MADENCİLİKTE ENGEL SAVAŞI
Madencilik sektöründe son dönemde önemli sıkıntılar var. Maden fiyatlarındaki gerilemeni yanı sıra bürokratik uygulamalar sıkıntının ana sebebi. Sektör oyuncuları,
mevcut durumun farklı uygulamalarla aşılabileceğini
düşünüyor.
Sektöre en büyük yatırımı yapan isimlerden Saray
Halı’nın sahibi Necati Kurmel de bu noktada görüş belirtiyor.
Madencilikteki izinlerin Başbakanlığa bağlandığı
kararnamenin kaldırılması gerektiğini ifade eden Kurmel,
“Dünya emtia fiyatlarında süregelen gerilemeden etkilenen, iki yıla yakın fiilen dondurulan maden ve
orman izinleri sonucu arama ve işletme faaliyetleri kısıtlanan
pek çok işletme bugün değil kâr etmek, faaliyetlerini
dahi sürdürmekte zorlanıyor, çoğu ocak kapanıyor”
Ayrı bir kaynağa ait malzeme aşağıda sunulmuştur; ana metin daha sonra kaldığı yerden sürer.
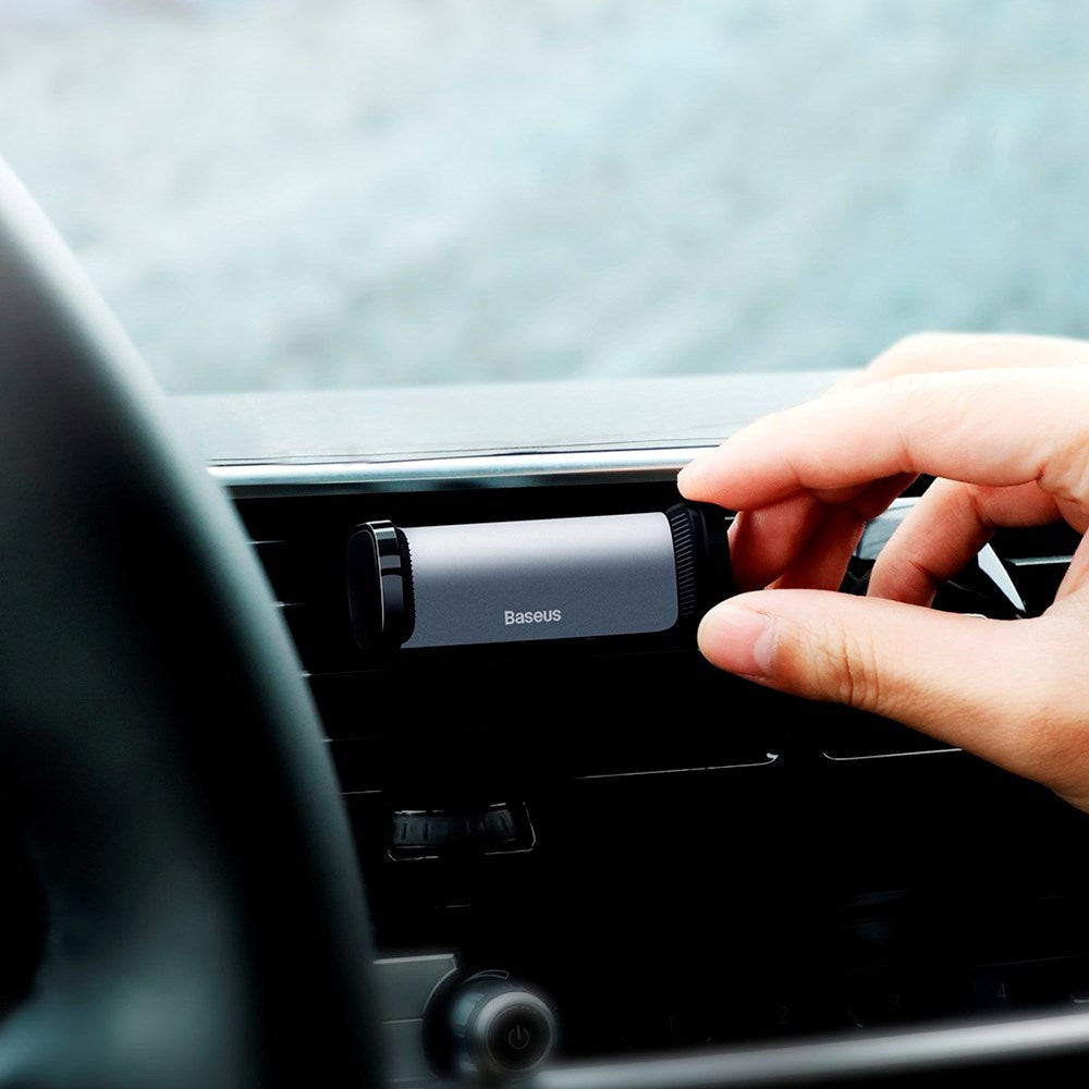 Baseus Steel Cannon Mobilholder for bilens ventilasjonsgitter gir deg et stabilt og sikkert grep om telefonen din, slik at du kan bruke navigasjonen eller høre på favorittmusikken din mens du kjører. Den 360° dreibare holderen og justerbar bredde fra 55 x 84 mm sikrer kompatibilitet med de fleste smarttelefoner.

diyor. Kurucusu olduğu Adana Aladağ’daki krom
işletmeleri Akmetal ve Pınar AŞ’nin krom fiyatlarının 300
doların altına gerilemesi ile döndürülemez hale geldiğini
söylüyor. Bugünkü yapı nedeniyle yabancı yatırımcının
da Türkiye madenciliğine ilgisinin tamamen
kesildiğini dile getiren Kurmel’in tavsiyesi ise
bürokratik engellerin kaldırılması.
ÇELİK AKTİF PAZARLAMA PEŞİNDE
Türkiye 2012 yılında çelik üretiminde 35,9
milyon tonluk üretim ve 19,8 milyon tonluk
ihracat rakamına sahipti. Üretimde dünya
8’incisi ihracatta dünya 7’ncisiydi. 2015 yılında
31,5 milyon tona düşen üretim miktarı ile
dünya sıralamasında 9’unculuğa, 16,1 milyon
tona inen ihracatla da 10’unculuğa geriledi.
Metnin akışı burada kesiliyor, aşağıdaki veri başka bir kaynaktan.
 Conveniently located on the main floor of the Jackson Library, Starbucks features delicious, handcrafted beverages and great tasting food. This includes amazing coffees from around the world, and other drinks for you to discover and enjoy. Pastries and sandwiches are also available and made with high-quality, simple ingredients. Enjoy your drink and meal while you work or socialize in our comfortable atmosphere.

Rakamlardaki bu düşüşün öncelikli olarak
Çin’in büyümesindeki daralmadan kaynaklandığını
belirten Çelik İhracatçıları Birliği
Başkanı Namık Ekinci, yurtiçinde de düşük maliyetli
ve yüksek katma değerli ürün üretememekten dolayı
sektörde ithalatın artış gösterdiğini söylüyor. Ekinci sözlerine
şöyle devam ediyor: “Bu durumdan dolayı 2015
yılında bir önceki yıla göre yüzde 40 artışla 20,6 milyon
ton yarı mamul ve nihai mamul ithalatı gerçekleştirdik.
Bu durumun sonucu olarak da üretim kısmalarına gittik
hatta tesis kapanmaları yaşadık.”
Ekinci, sektörün beklediği atılımı yaşaması için ise
yeni bir yol haritasının şart olduğunu düşünüyor. Birçok
şeyi farklı yapmayı gerektiren bu yol haritasını şöyle tanımlıyor:
“Hammadde kaynakları etkin kontrol edilmeli
ve daha aktif pazarlama yapılmalı. Yüksek katma değerli
ürün üreten tesislere sahip olunmalı. Stratejik yatırımlarda
ve ticarette AR-GE’ye gereken önemin verilmesi gerekli.
Profesyonel yönetime ağırlık verilmesi de önemli.”